--- INPUT FOR THIS TASK ---

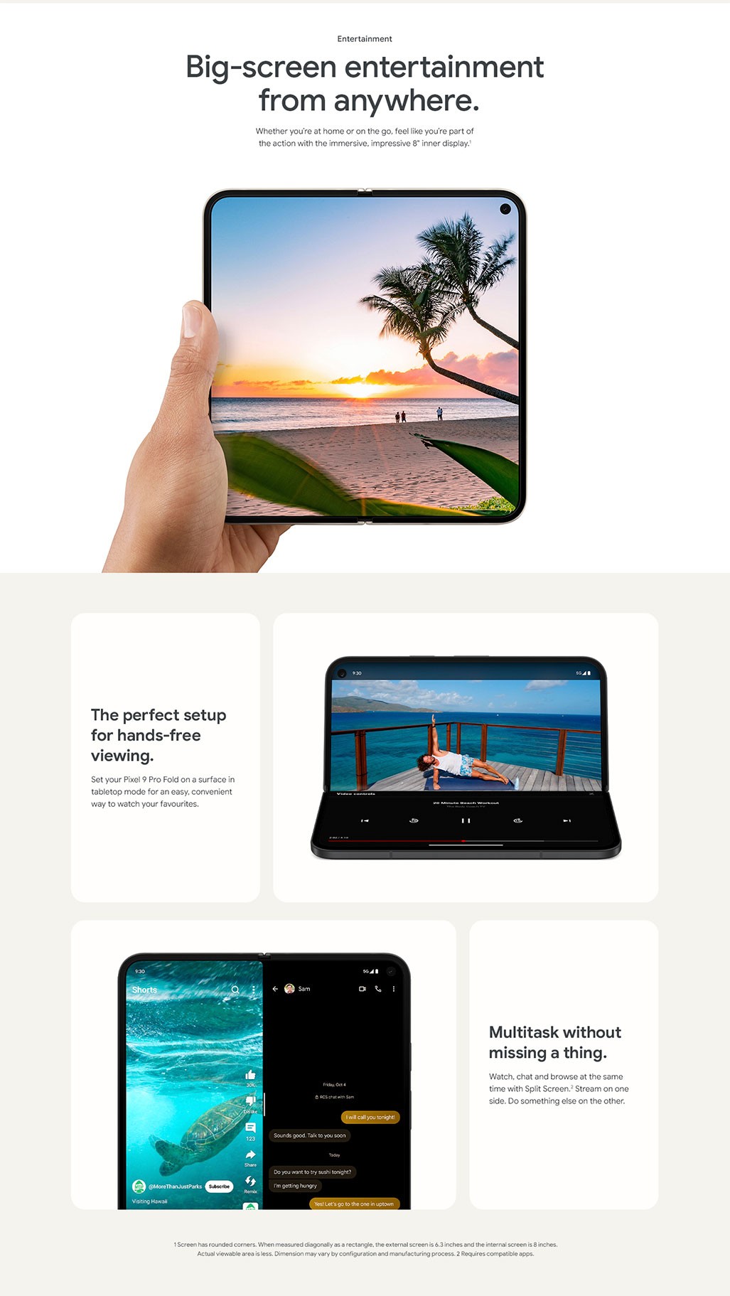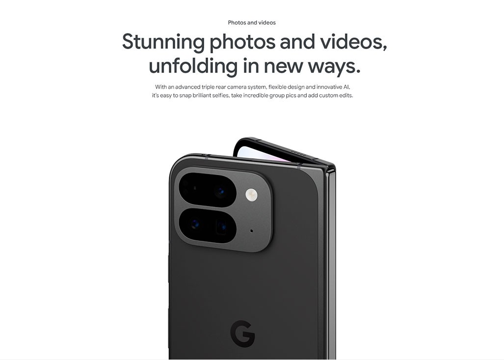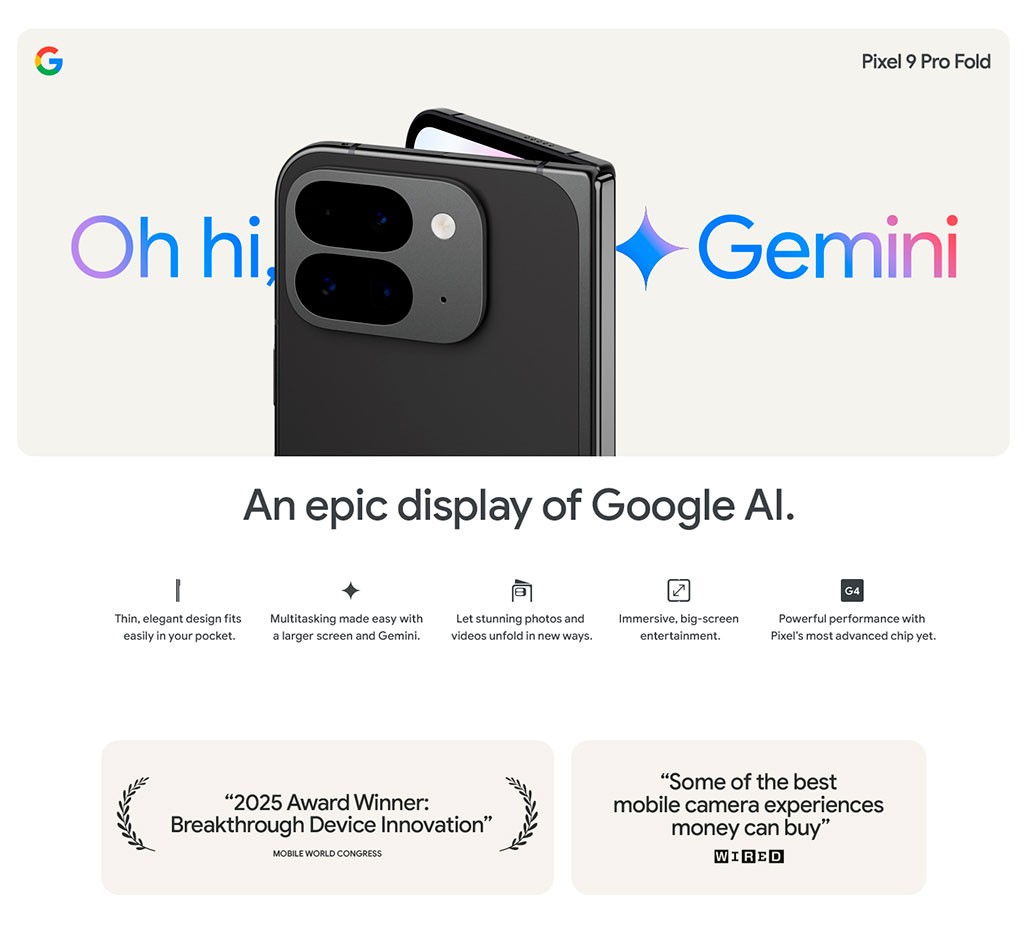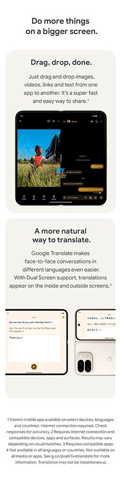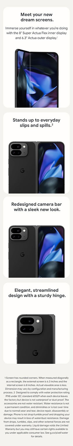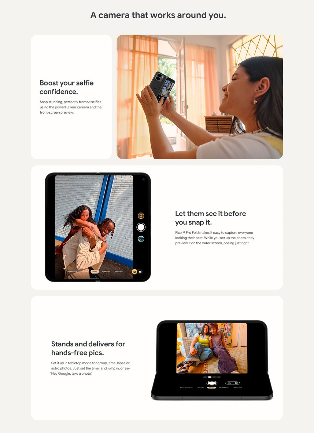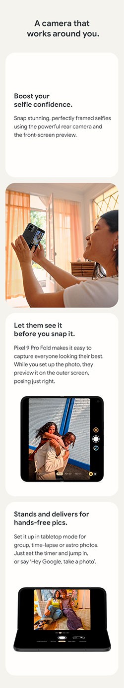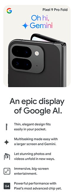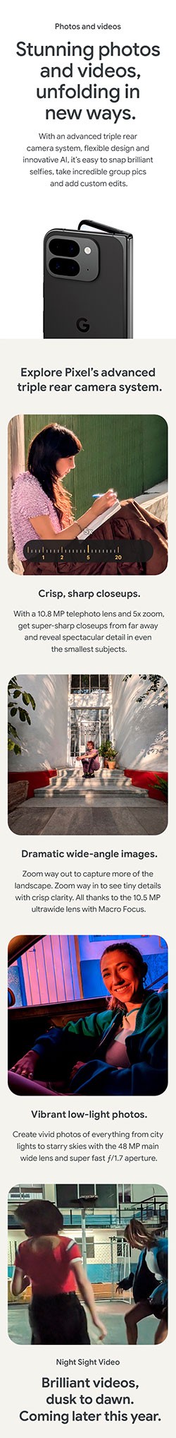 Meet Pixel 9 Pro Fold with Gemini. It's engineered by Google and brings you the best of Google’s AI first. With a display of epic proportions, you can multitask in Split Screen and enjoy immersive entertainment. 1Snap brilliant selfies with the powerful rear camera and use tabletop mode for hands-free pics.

* * *

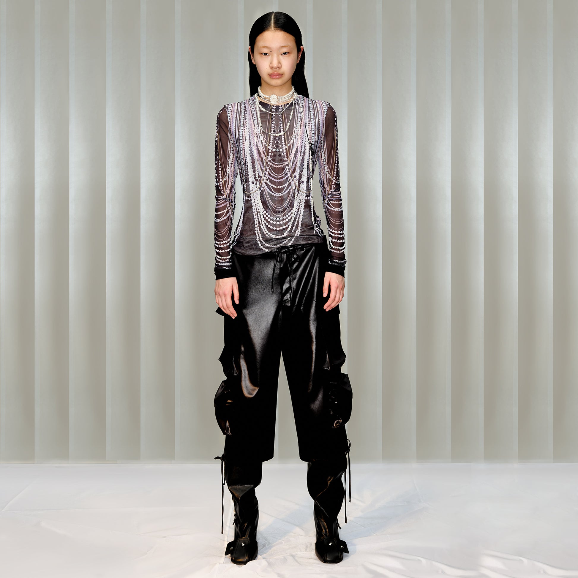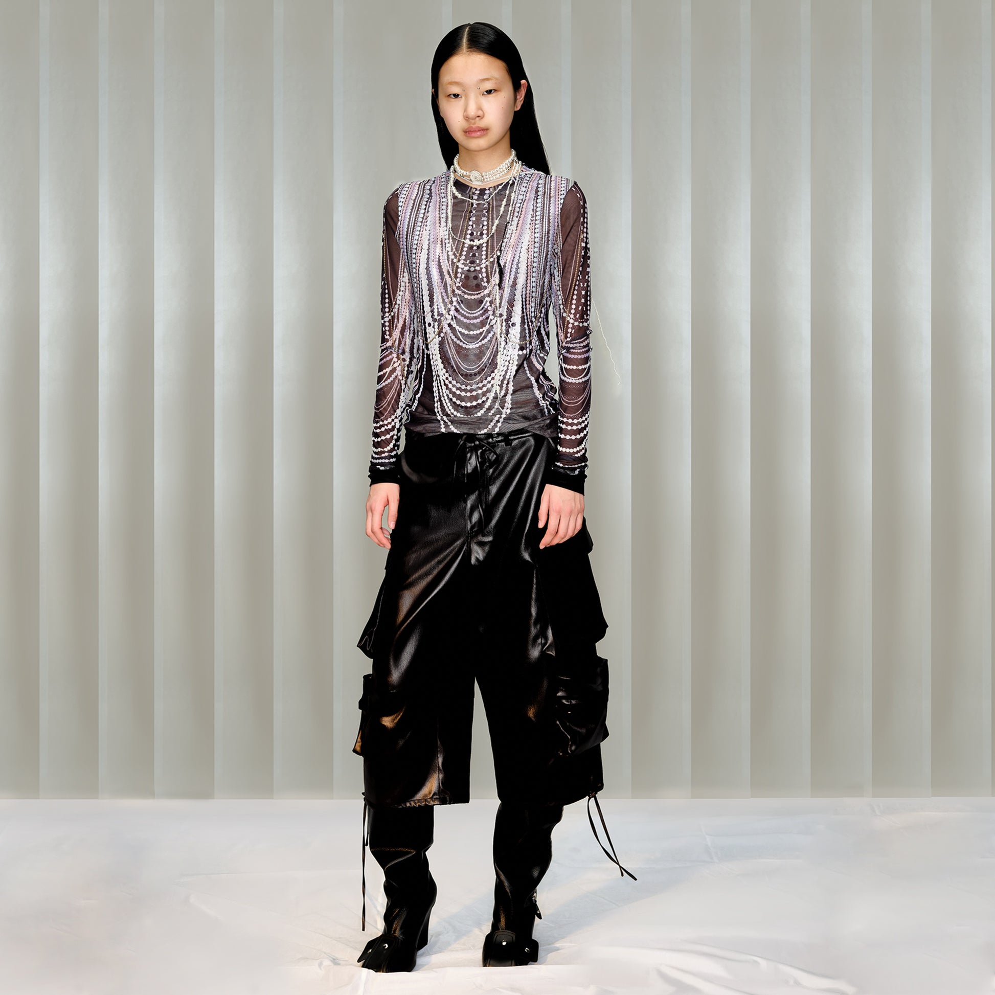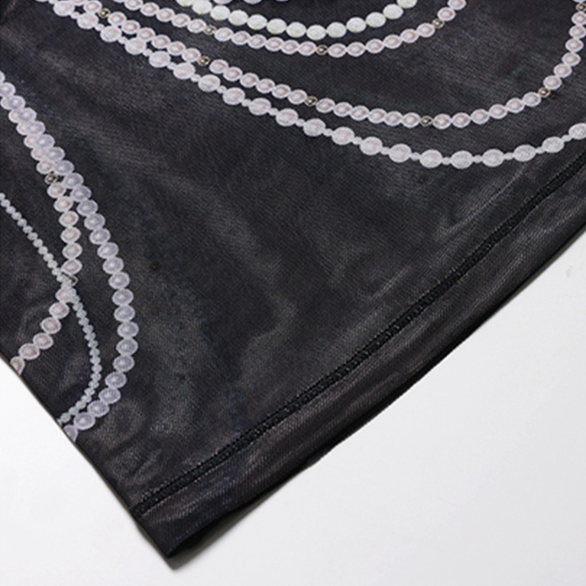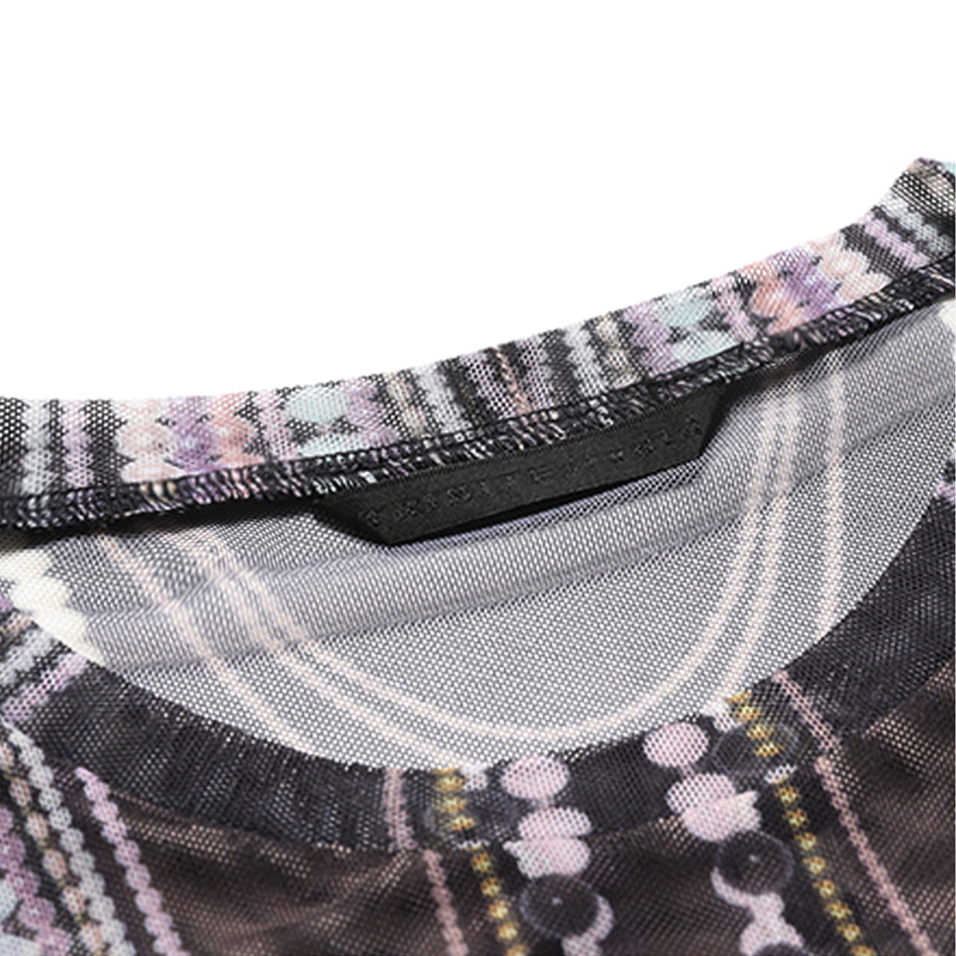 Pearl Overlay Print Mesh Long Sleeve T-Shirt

...

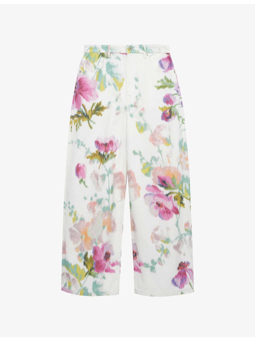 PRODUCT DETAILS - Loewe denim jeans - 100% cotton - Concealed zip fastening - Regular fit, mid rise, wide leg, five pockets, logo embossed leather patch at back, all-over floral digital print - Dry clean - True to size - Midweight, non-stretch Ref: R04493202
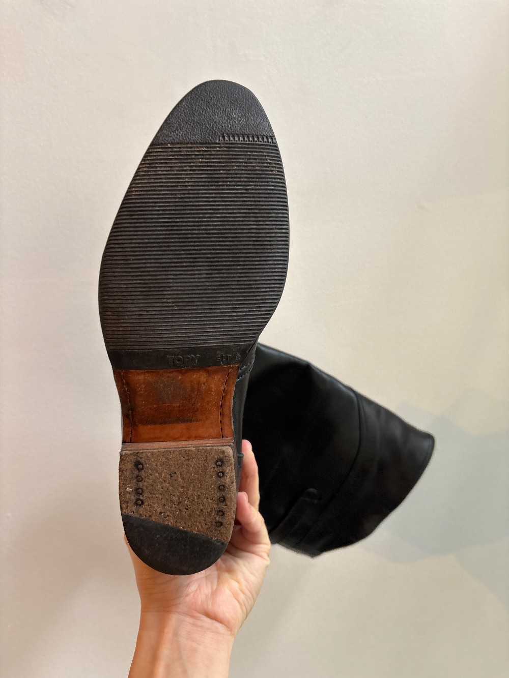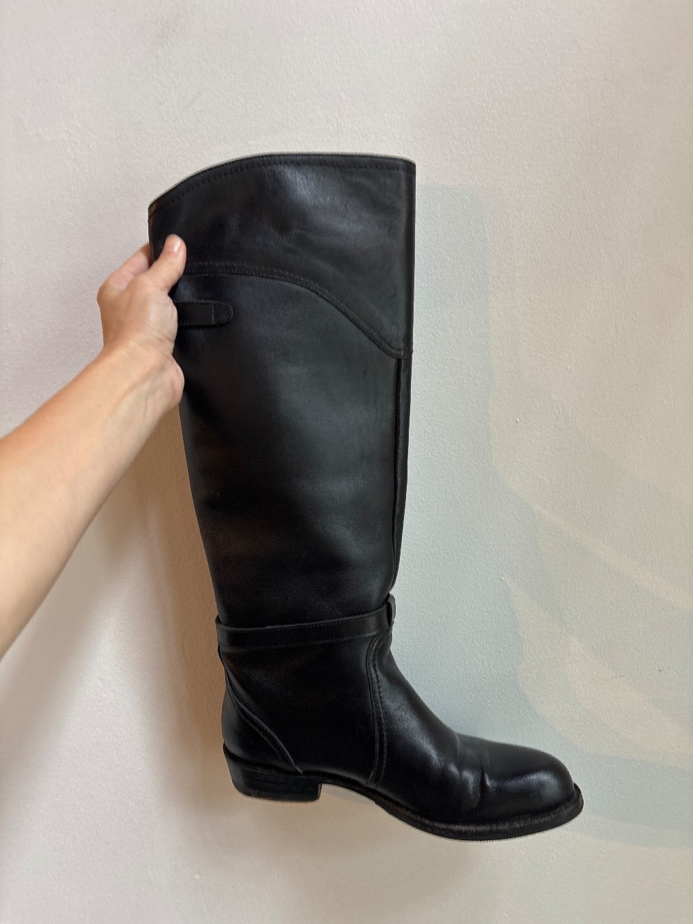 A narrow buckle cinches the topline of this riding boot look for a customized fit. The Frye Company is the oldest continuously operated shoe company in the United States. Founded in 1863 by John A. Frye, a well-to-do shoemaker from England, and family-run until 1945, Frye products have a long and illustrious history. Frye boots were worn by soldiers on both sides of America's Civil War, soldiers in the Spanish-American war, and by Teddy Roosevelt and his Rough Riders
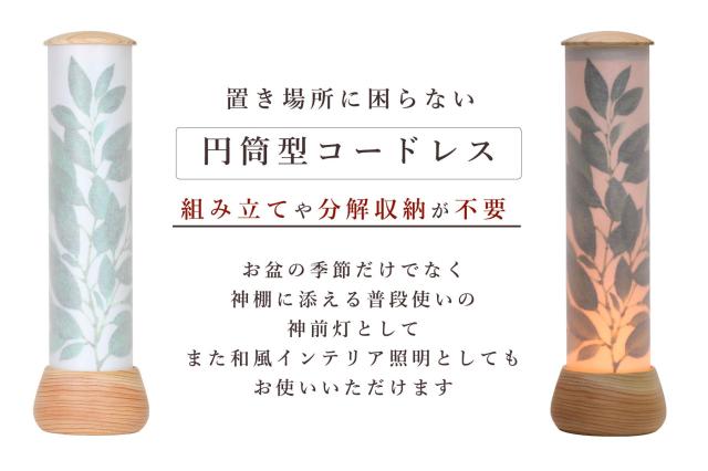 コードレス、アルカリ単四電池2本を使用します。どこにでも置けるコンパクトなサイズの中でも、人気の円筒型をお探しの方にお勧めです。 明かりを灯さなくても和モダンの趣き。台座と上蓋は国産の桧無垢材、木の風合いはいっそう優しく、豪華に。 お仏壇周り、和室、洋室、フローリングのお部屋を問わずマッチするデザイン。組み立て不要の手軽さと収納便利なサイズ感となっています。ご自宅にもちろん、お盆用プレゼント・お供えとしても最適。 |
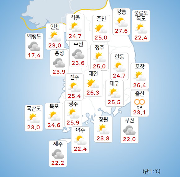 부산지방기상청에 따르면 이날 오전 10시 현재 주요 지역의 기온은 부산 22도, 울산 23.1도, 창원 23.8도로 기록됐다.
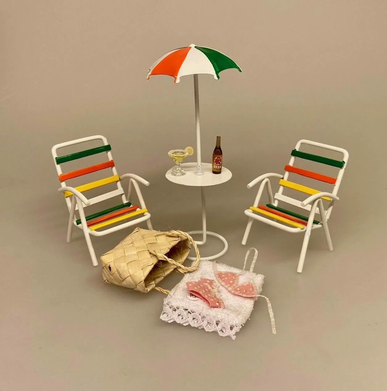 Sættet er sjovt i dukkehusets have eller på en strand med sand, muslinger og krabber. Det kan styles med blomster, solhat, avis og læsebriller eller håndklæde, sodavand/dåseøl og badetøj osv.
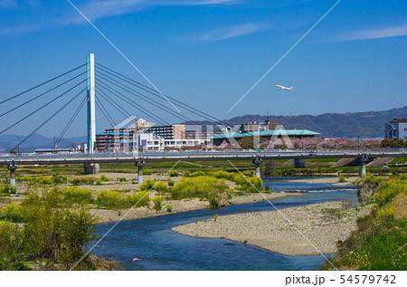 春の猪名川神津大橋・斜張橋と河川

--- PROBLEM TO SOLVE ---
What you return must match the lines above from the one with "부산지방기상청에 따르면 이날" through the one with "春の猪名川神津大橋・斜張橋と河川" exactly, with both ends included and the pictures excluded.

--- YOUR SOLUTION ---
 부산지방기상청에 따르면 이날 오전 10시 현재 주요 지역의 기온은 부산 22도, 울산 23.1도, 창원 23.8도로 기록됐다.
 Sættet er sjovt i dukkehusets have eller på en strand med sand, muslinger og krabber. Det kan styles med blomster, solhat, avis og læsebriller eller håndklæde, sodavand/dåseøl og badetøj osv.
 春の猪名川神津大橋・斜張橋と河川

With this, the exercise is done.